Self Acceptance: It's all a head game.
Wednesday, March 27, 2013
So again, another Spark blogger has inspired some thinking. For a while now I've been pestered by a nagging self doubt: is pursuing a healthier lifestyle really just a disdain for who I am now?
Let me clarify, I like who I am. I love my life. I never hold off on pursuing dreams until I've reached a goal weight, if it's worth doing, it's worth doing NOW. BUT, I often feel judged. Whether it's real or just in my head as I suspect it sometimes is, people think less of me for being heavy (277 lbs) and I resent them bitterly for it.
I've tried to imagine what they think of me: "she must drink a LOT of beer to be that size", "guess she eats a LOT of potato chips in front of the tv", "her house must be a sty", "maybe if she cooked once in a while" - the list really is endless.

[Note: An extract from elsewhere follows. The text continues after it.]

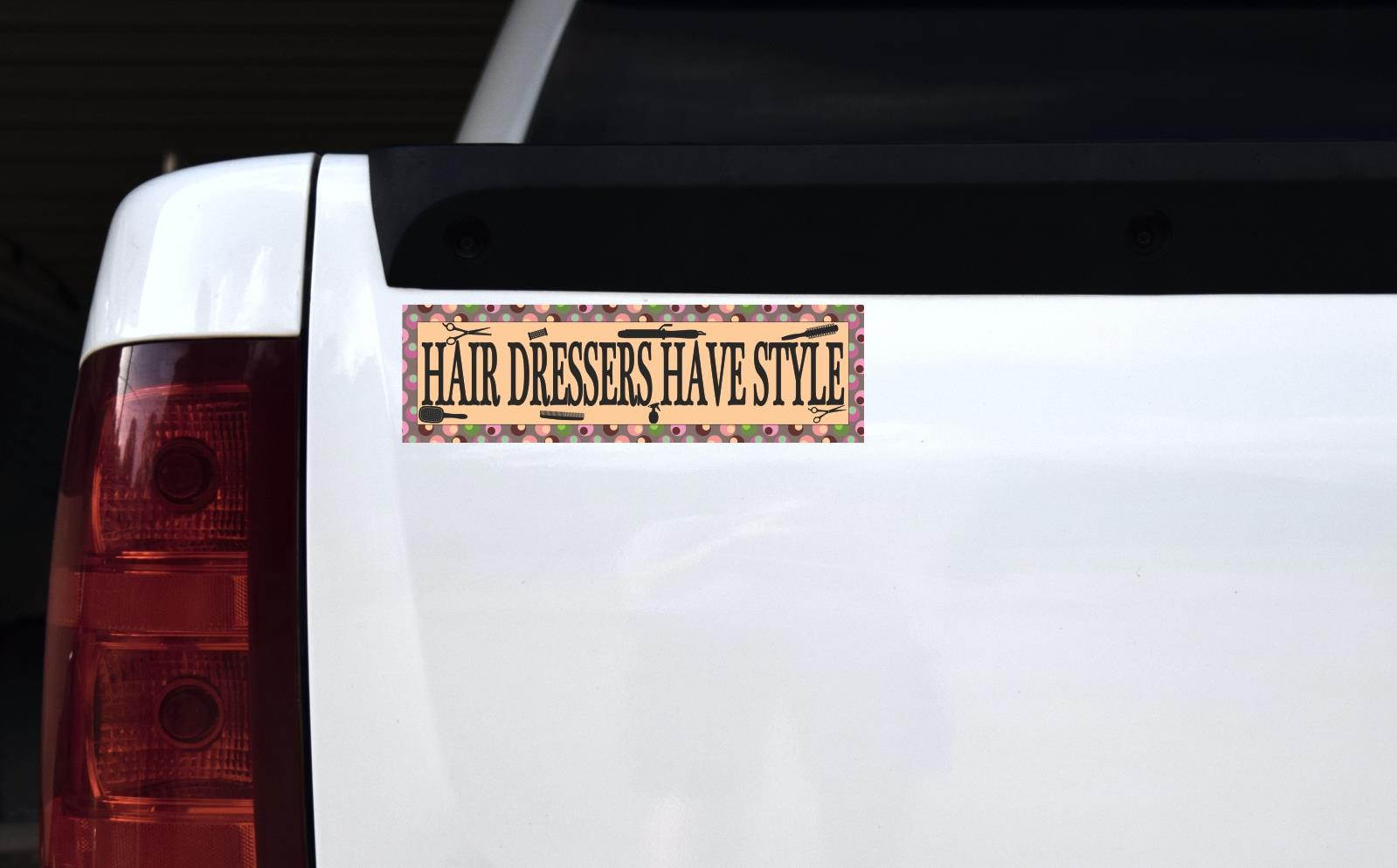 This magnet is 10 inches wide by 3 inches tall when applied. It features the words, HAIR DRESSERS HAVE STYLE, in black letters on an apricot background. Black silhouettes of styling tools surround the text. The border of the magnet is light brown with colorful polka dots. This quality product is a creative way to share your love for your creative career! However, it only attracts ferromagnetic metals.

Then I think of my defense: I rarely drink anything other than water, ;milk, and 1 diet coke a day. I add bran to my cereal! We have chip night once a week! My house isn 't Martha Stewart perfect but it's liveable and I cook at least 5 nights a week, if not 6 and sometimes even 7.

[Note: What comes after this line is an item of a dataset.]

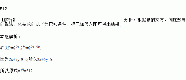 已知2x+5y-9=0,求4x·32y的值.

It recently occurred to me that this game is holding me back. (It was a "duh!" moment) For one, people are not likely judging me as harshly as I am judging myself. That's just it, I'm projecting the self doubt I have. This game is preventing me from taking a honest and encompassing look at my lifestyle and from making real changes. I grew up in a highly critical family and community, and yes my weight was the topic of much criticism, I come by these suspicions honestly! It's just that now is the time to confront the voices in my head, to replace them with a new mantra founded in the present.
I'm learning to accept myself NOW, in the PAST, and in the FUTURE. Pursuing a healthier lifestyle isn't self-betrayal, it isn't "giving in" to those voices (real or imagined). I admit I am still working on the notion, but I am learning self acceptance. I am replacing those voices in my head.